Attorney’s Seven-Year Sentence Upheld

     PASADENA, Calif. (CN) – The 9th Circuit on Friday affirmed an attorney’s conviction and sentence for being an accessory after the fact to mail fraud and securities law violations.
     David Tamman was working for John Farahi’s company NewPoint Financial Services in 2003 when he began preparing documents to make it look like Farahi’s private offerings of debentures were legitimate when they were not, according to the three-judge panel.
     From 2005 to 2009 Farahi raised more than $30 million from the debentures, representing them as low-risk investments, and used the money for undisclosed purposes, “including payment of his own personal expenses, principal repayments to previous investors, and higher-risk futures options trading,” according to the 18-page ruling.
     The Securities and Exchange Commission investigated NewPoint in 2009 on a tip that Farahi was operating a Ponzi scheme, and Tamman edited backdated documents throughout the investigation, U.S. District Judge David Alan Ezra of Honolulu wrote for the circuit, sitting by designation.
     In 2012 Tamman was indicted with conspiracy to obstruct justice, accessory after the fact to mail fraud and securities law violations, altering documents to influence a federal investigation and aiding and abetting Farahi’s false testimony at an SEC deposition.
     The district court found him guilty and sentenced him to seven years in prison.
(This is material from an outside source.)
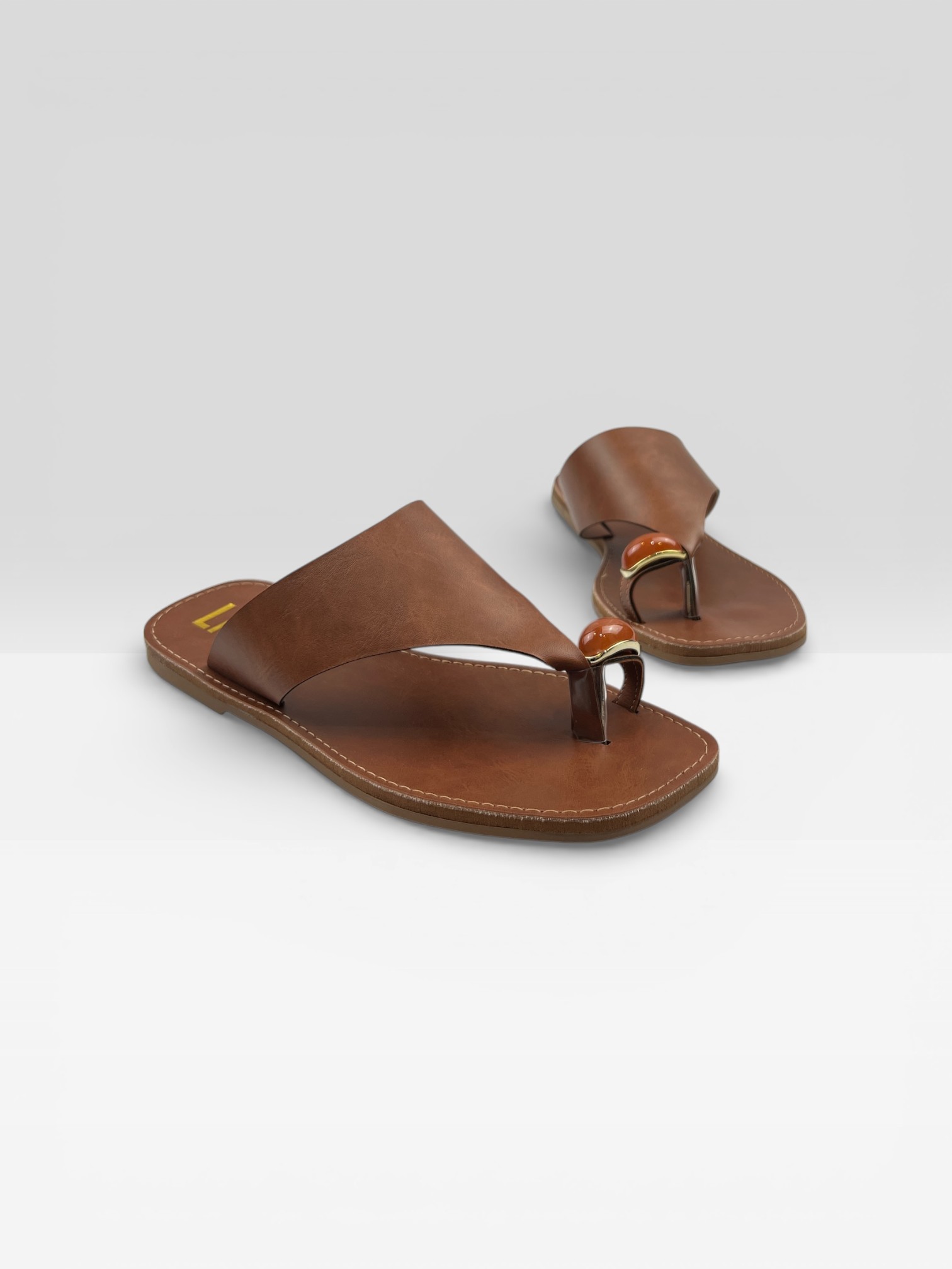 Rasteira feminina estilo casual, com design minimalista e tira larga que garante conforto e segurança ao caminhar. Possui detalhe metalizado no cabedal que traz charme e sofisticação ao modelo. Ideal para compor looks leves e versáteis nos dias mais quentes.

     Tamman said the court erred in calculating his sentence because it dually applied the broker-dealer and special skill enhancements of the sentencing guidelines, which to double counting.
     But Ezra wrote that Tamman’s rationale does not apply to his case.
     “Application of both special offense characteristics is not double counting: it reflects different conduct committed by two different parties,” Ezra wrote.
     Tamman also argued that the district court overcalculated the loss amount and the number of victims.
     He said that though the court called the loss greater than $20 million, he was aware of only $11 million, and he said that though the court said there were more than 50 victims, he was aware of only 43.
     But Ezra ruled that even if Tamman were not directly aware of the court’s figures, he could have “reasonably foreseen” them.
     Tamman also claimed that he was under the influence of medications when he waived his right to a jury at his trial, but Ezra said that since Tamman’s behavior and his attorney’s representations did not indicate otherwise, the district court was right to take the waiver at face value.
     Ezra also found that since Tamman’s trial became a bench trial, the court was right to exclude the testimony of two expert witnesses.